While PSM is a more transparent method, in the sense that it allows one to see the degree of equality between groups after matching, in this study, PSM provided little advantage over MR in terms of the validity of the results. Because of the inevitable reduction in sample size and change in overall composition of treatment groups being compared, the choice of whether to use PSM or MR will depend on the question being investigated, whether a population effect is being measured, and whether review of a non-representative population of patients receiving treatment is acceptable (or even preferred). This point is addressed by D’Agostino, who recommended that when patients are excluded in matched analyses, researchers need to be particularly clear in their descriptions of the included and excluded patients, and of the populations to which study results are applicable.28
Strengths of this study include the large sample sizes of both analyses and the high degree of propensity matching, with approximately 80% and 89% of the original IPR and TIO cohorts matched, respectively, to FSC patients.

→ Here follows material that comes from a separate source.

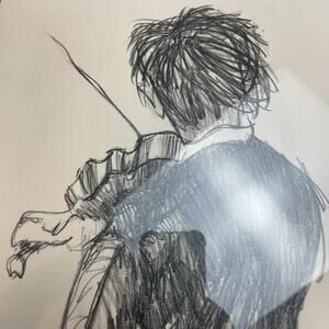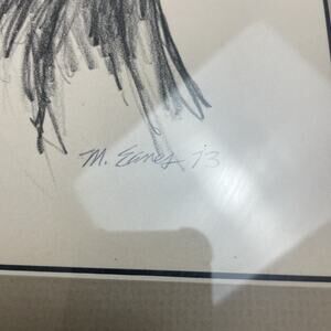 Violinist Musician Pencil Drawing Artist Signed Mark Eanes 1973 Wood Frame 17x21
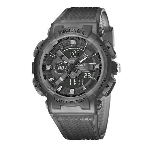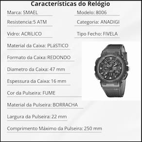Marca: Smael Categoria: AnaDigi Analógico: Sim (1 Horário) Ponteiros Fluorescentes: Não Digital: Sim (1 Horário) Calendário: Sim Despertador: Sim Mostra o Dia da Semana: Sim Mostra o Dia do Mês: Sim Cronômetro: Sim Contador Regressivo: Não Luz: Sim Cor da Iluminação: Verde Resistente à Água: 5 ATM - Respingos: Sim - Chuva: Sim - Lavar Carro: Sim - Lavar Louça: Sim - Natação: Sim - Mergulho: Não Característica do Vidro: Acrílico Tipo de Fecho: Fivela Cor da Caixa: Fume Material da Caixa: Plástico Formato da Caixa: Redondo Diâmetro da Caixa: 47,00 (mm) Espessura da Caixa: 16,00 (mm) Cor da Pulseira: Fume Material da Pulseira: Borracha Largura da Pulseira: 22,00 (mm) Comprimento Máximo da Pulseira: 250,00 (mm) Alimentação: Bateria Interna Peso Líquido: 0,060 Kg Modelo: 8006 Cor Predominante: Fume Garantia: 12 Meses

The exclusion of some original subjects from the PSM cohorts due to lack of a match does mean, however, that any additional information these subjects might have provided was lost, and statistical power affected. Some limitations should be considered in interpreting the results. We measured exacerbations using claims data, defining exacerbations as COPD-related health care events. Using an alternative definition of exacerbation based on symptoms, lung function, or other clinical parameters could influence observed effect sizes.14
However, we would not expect a different definition of exacerbations to influence effect sizes differently for MR than for PSM, or for it to change the overall findings of this study. Since both MR and propensity matched analyses attempt to reduce bias through adjustment using covariates, the ability to do this is dependent on the capture of all relevant factors. In this analysis, some potential confounders were unmeasured. As this was an observational study utilizing administrative claims data, information about patients’ clinical status was not available. We could not ascertain lung function status, disease severity, or other clinical characteristics. Therefore, residual baseline differences between treatment groups may remain. However, we did control for two key characteristics of interest – disease severity and exacerbation frequency – by using prior COPD-related health care and pharmacy utilization (particularly oral corticosteroids/antibiotics) as proxy measures.